• [Work instruction]
Please say how many lines of the entries below contain the word "that", and leave out everything else.

[[ Records for this exercise, beginning ]]

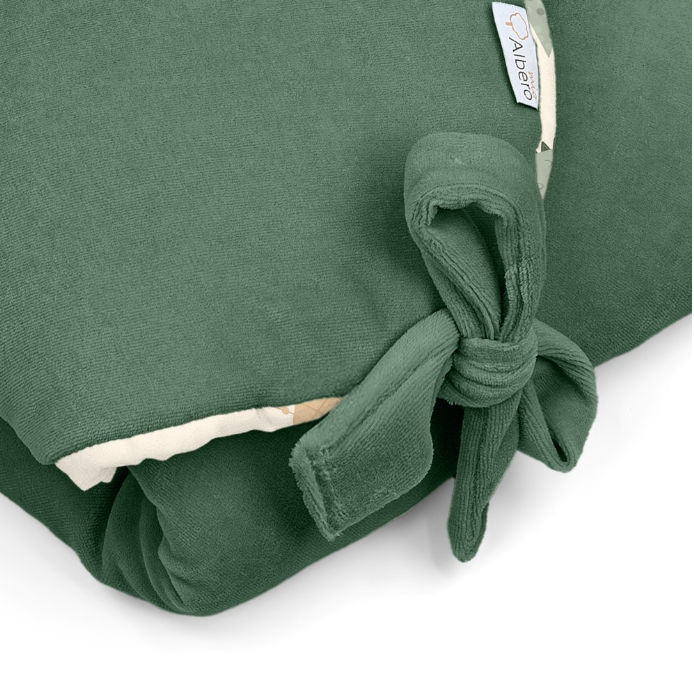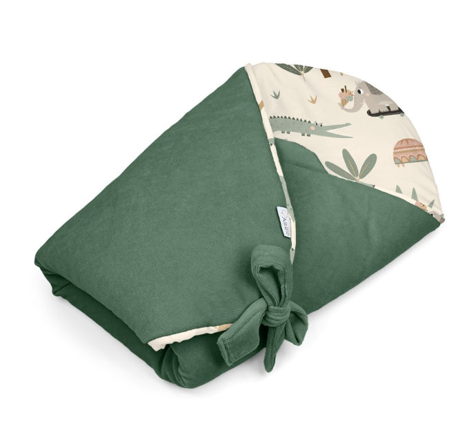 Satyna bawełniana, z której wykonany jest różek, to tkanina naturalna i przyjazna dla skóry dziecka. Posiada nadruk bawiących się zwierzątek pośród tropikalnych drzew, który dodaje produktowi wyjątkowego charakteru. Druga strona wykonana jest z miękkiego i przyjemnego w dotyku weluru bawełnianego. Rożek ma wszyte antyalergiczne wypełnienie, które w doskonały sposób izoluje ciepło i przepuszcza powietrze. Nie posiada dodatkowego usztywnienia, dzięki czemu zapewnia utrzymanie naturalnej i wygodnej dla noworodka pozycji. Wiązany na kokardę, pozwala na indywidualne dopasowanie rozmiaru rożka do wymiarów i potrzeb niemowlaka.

[[ Records for this exercise, end ]]
[[ Records for this exercise, beginning ]]

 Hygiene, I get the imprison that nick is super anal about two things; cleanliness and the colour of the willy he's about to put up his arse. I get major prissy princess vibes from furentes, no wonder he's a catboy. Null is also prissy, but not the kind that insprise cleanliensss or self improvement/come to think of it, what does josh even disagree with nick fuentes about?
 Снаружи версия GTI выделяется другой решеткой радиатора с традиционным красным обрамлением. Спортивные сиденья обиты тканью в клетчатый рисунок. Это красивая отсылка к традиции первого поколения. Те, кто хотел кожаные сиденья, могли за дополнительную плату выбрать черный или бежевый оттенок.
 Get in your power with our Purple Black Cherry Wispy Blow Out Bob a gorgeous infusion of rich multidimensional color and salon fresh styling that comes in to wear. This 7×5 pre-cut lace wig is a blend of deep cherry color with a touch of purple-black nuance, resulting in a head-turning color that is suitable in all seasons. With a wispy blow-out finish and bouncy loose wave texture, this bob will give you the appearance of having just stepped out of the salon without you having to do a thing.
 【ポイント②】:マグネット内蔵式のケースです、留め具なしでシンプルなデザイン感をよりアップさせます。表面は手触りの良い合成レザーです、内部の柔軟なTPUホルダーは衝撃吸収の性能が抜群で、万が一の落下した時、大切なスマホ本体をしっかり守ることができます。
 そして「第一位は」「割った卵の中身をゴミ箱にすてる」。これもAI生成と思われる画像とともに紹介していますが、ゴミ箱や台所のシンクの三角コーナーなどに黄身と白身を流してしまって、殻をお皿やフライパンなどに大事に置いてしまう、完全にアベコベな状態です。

[[ Records for this exercise, end ]]
[[ Records for this exercise, beginning ]]

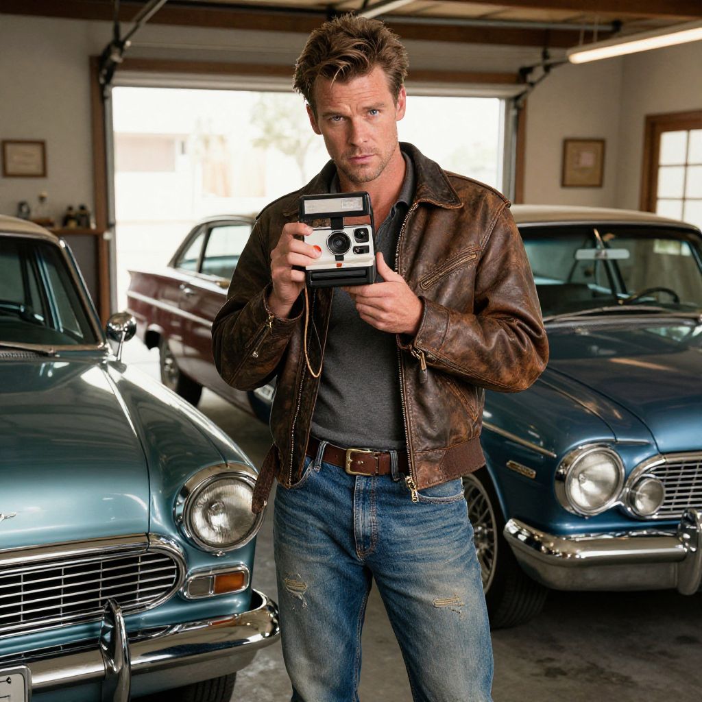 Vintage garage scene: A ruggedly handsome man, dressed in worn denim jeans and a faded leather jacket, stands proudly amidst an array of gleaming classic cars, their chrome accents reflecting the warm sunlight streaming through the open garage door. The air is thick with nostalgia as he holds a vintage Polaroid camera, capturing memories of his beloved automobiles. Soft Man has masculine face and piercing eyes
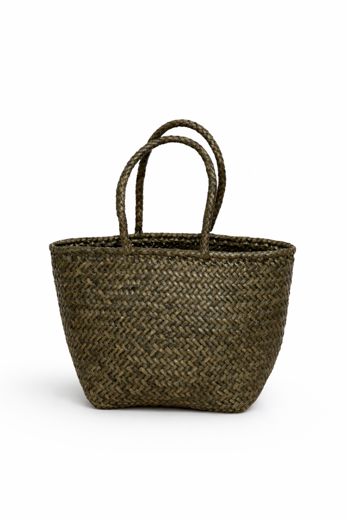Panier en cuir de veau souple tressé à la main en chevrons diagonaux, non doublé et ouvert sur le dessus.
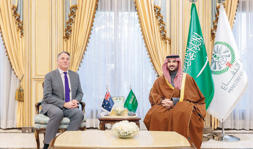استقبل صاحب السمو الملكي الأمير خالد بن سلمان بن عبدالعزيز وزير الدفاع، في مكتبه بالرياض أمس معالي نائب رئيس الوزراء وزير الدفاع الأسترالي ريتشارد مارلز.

[[ Records for this exercise, end ]]

• [Response box]
2